Страница 11 из 90
Неожиданная трудность возникла с публикацией моих выводов о могилах древних индоариев на Украине: “Ты что, — испугался мой Начальник. — Подумал, что из этого может получиться? А ну, как Индия предъявит права на Украину?” — “Окстись, — говорю. — Где Индия, а где Украина?” — “С тобой не соскучишься”, — отвечает. Уломал я его, опубликовали у нас и в Индии — и ничего. Украиной продолжали управлять не из Дели.
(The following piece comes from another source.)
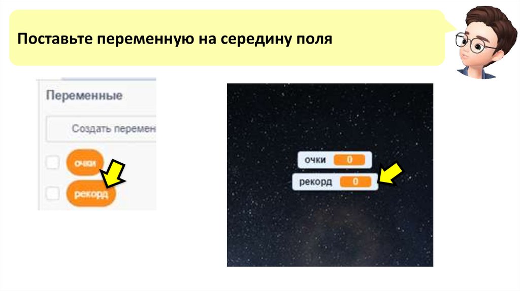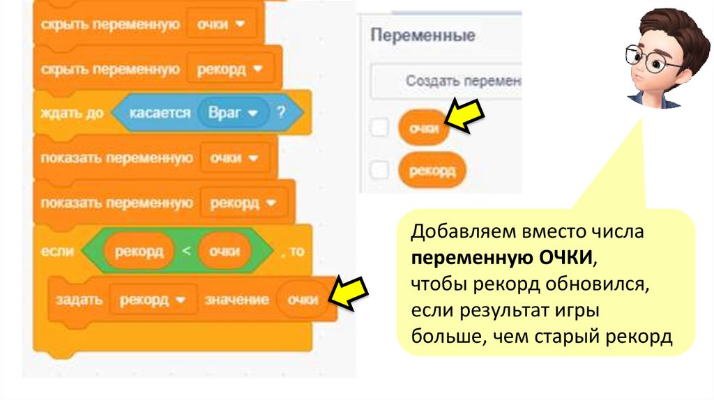 Добавляем вместо числапеременную ОЧКИ,

Начальство очень беспокоила моя популярность на Западе. С языками у моего Начальника были традиционные для нашей номенклатуры нелады. Как-то после очередных слухов, что мое имя опять упоминалось в зарубежной печати, Начальник спросил: “Слушай, не мог бы ты сам переводить для меня все, что пишут о тебе на Западе? На всякий случай. Чтобы я был информирован и готов к любой проработке в инстанциях”. С тех пор я аккуратно делал такие выписки. Вот уж подлинно “досье на самого себя”. И ведь пригодилось не раз — в том числе и для этого очерка.
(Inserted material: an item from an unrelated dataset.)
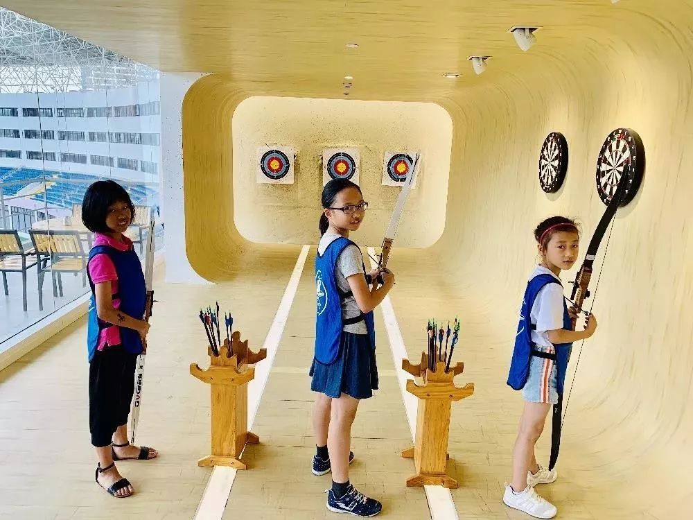 有的孩子觉得校园里学习射箭

7. Театр абсурда. На исходе 1970-х годов я готовил сборник по итогам методологической конференции. Великолепную работу принес молодой автор с ужасно одиозной фамилией: его дядя был незадолго до того лишен гражданства и выслан из страны. Включить такую фамилию было немыслимо: все шарахались. А напечатать работу очень хотелось. С трудом уговорил автора выступить под псевдонимом. Истинную фамилию знали очень немногие, в издательстве — никто. И вдруг тревога: готовый к печати сборник затребовали в Смольный. Взволнованная главред лично повезла пухлую рукопись. Я обреченно сидел и думал: пропал сборник, да и я заодно, кто-то донес. К вечеру главред вернулась выдохшаяся. Никакой крамолы не нашли. Пронесло.
Однако время таких безнаказанных “проказ” кончалось.
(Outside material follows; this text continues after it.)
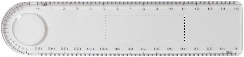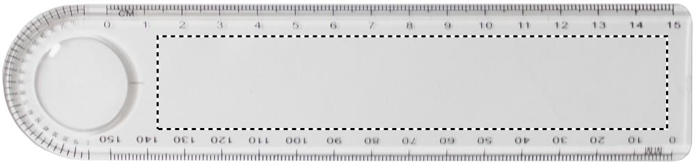 15 sentin muovi viivain, suurennuslasilla ja astelevyllä.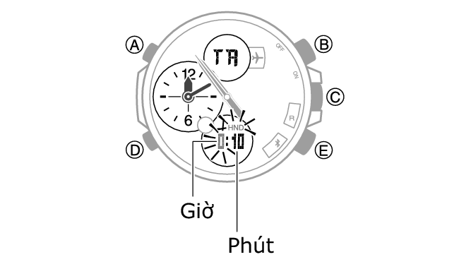 Nút (B) và (E): Thay đổi chữ số chỉ giờ và phút chớp sáng.

Под новый, 1980, год эфир взорвался сенсацией: советские войска вошли в Афганистан. Весть эта повергла меня в оцепенение. Ближайшие последствия этой грубой ошибки наших правителей были совершенно ясны: разрядка окончилась. С учениками я поделился мрачными ожиданиями: теперь расправа надо мною недалека. Надо резко ускорить темпы работ, чтобы завершить, что успеем. Свою монографию, намеченную к изданию в Оксфорде, я отправил без последних глав (так она и вышла, но и то благо — вышла, когда я был уже в тюрьме). Главы эти доделывал, чтобы дослать, если успею (не успел).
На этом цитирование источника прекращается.